Autorzy projektu ustawy zakładają ponadto utrzymanie dotychczasowych mechanizmów ochronnych w zakresie dostaw gazu i ciepła dla gospodarstw domowych, a także wprowadzenie przyznawanego na poziomie gmin bonu energetycznego mającego zmniejszyć koszty zużycia energii u odbiorców posiadających niskie dochody.
Wyższy bon energetyczny dla właścicieli pomp ciepła i pieców akumulacyjnych
Bon energetyczny ma być świadczeniem pieniężnym dla gospodarstw domowych, których dochody w roku 2023 nie przekroczyły 2500 zł na osobę w gospodarstwie jednoosobowym albo 1700 zł na osobę w gospodarstwie wieloosobowym.
Wysokość bonu ma być zróżnicowana i będzie zależeć od liczby osób w gospodarstwie domowym. Minimalna kwota wypłacanych bonów energetycznych będzie wynosić 20 zł. Poniżej takiej kwoty bon nie będzie wypłacany.
Projekt ustawy przewiduje zróżnicowanie stawki bonu energetycznego i wymienia 4 grupy gospodarstw domowych. W projekcie ustawy zaproponowano następujące stawki bonu energetycznego:
- dla gospodarstwa domowego prowadzonego przez osobę samotną – 300 zł;
- dla gospodarstwa domowego składającego się z 2-3 osób – 400 zł;
- dla gospodarstwa domowego składającego się z 4-5 osób – 500 zł;
- dla gospodarstwa domowego składającego się z co najmniej 6 osób – 600 zł.
Dodatkowo rząd chce, aby podwyższonym wsparciem w formie bonu energetycznego objęte zostały mniej zamożne gospodarstwa domowe, których źródła ogrzewania zasilane są energią elektryczną (np. pompy ciepła lub piece akumulacyjne).
Dla osób korzystających ze źródła ogrzewania zasilanego energią elektryczną autorzy projektu ustawy proponują dwukrotnie wyższe wsparcie w formie bonu energetycznego:
- dla gospodarstwa domowego prowadzonego przez osobę samotną – 600 zł;
- dla gospodarstwa domowego składającego się z 2-3 osób – 800 zł;
- dla gospodarstwa domowego składającego się z 4-5 osób – 1000 zł;
- dla gospodarstwa domowego składającego się z co najmniej 6 osób – 1200 zł.
Ilu odbiorców skorzysta z ochrony?
Autorzy nowych regulacji szacują, że w przypadku gospodarstw domowych planowana ochrona przed podwyżkami cen energii obejmie łącznie 16,8 mln odbiorców. Z kolei ochroną w postaci maksymalnej ceny energii elektrycznej objętych zostanie około 2,3 mln firm z sektora MŚP, 2,5 tys. jednostek samorządu terytorialnego, a także około 25 tys. podmiotów świadczących usługi użyteczności publicznej.

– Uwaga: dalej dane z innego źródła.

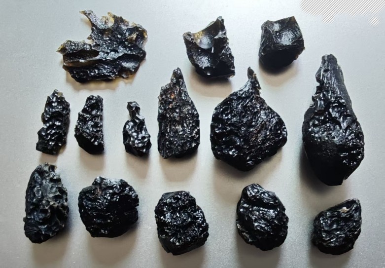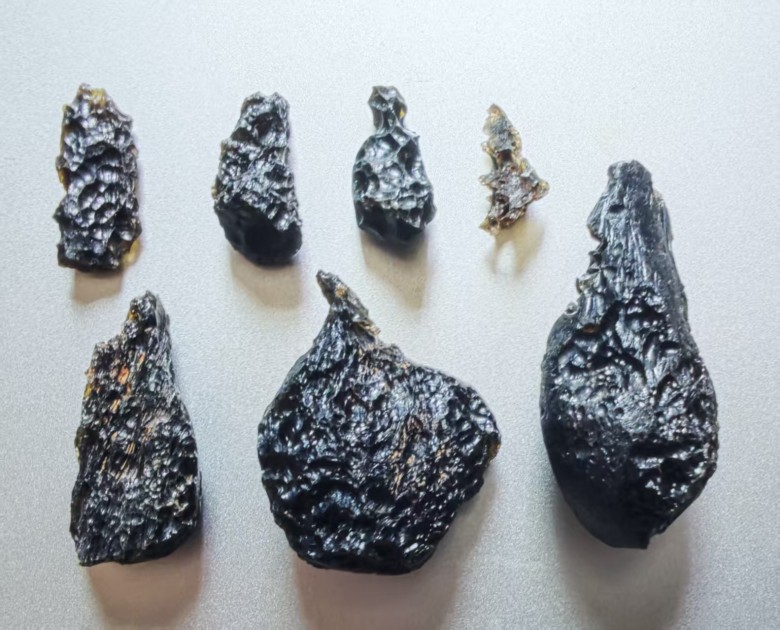 标本呈漆黑色,尖棱状边角,熔融致密型,最大的重量19.6克,小的不足1克。

Z mechanizmów ochronnych – w tym z bonu energetycznego – ma skorzystać około 840 tys. gospodarstw domowych wykorzystujących do ogrzewania energię elektryczną (właścicieli np. pomp ciepła).
Tyle ma kosztować zamrożenie cen i bon energetyczny
Ministerstwo Klimatu i Środowiska szacuje maksymalny koszt nowych mechanizmów mających chronić odbiorców energii elektrycznej, gazu i ciepła w drugiej połowie 2024 r. na 6,33 mld zł.
Część kosztów związanych z funkcjonowaniem mechanizmów wsparcia odbiorców energii w drugiej połowie 2024 r., zawartych w ustawie o bonie energetycznym, ma być poniesiona w 2025 r., co wynika z terminów rozliczenia rekompensat wypłacanych przedsiębiorstwom energetycznym.
Koszty ceny maksymalnej energii elektrycznej dla gospodarstw domowych i pozostałych odbiorców w formie rekompensat dla sprzedawców prądu zostały oszacowane w sumie na 3,08 mld zł (2,1 mld zł w 2024 r. oraz 0,983 mld zł w 2025 r.).
Koszt wyłącznie bonów energetycznych oszacowano na 1,6 mld zł (1,27 mld zł w 2024 r., 0,32 mld zł w 2025 r., 2 mln zł w 2026 r. oraz 1 mln zł rocznie w latach 2027-2034).
Z kolei koszty ceny maksymalnej za paliwa gazowe w formie rekompensat ustalono na 0,2 mld zł (po 0,1 mld zł i 0,1 mld zł w 2024 i 2025 r.), a koszty wyrównania dla przedsiębiorstw energetycznych w zakresie sprzedaży ciepła – łącznie na 1,45 mld zł, (1,1 mld zł w 2024 r. oraz 0,35 mld zł w 2025 r.).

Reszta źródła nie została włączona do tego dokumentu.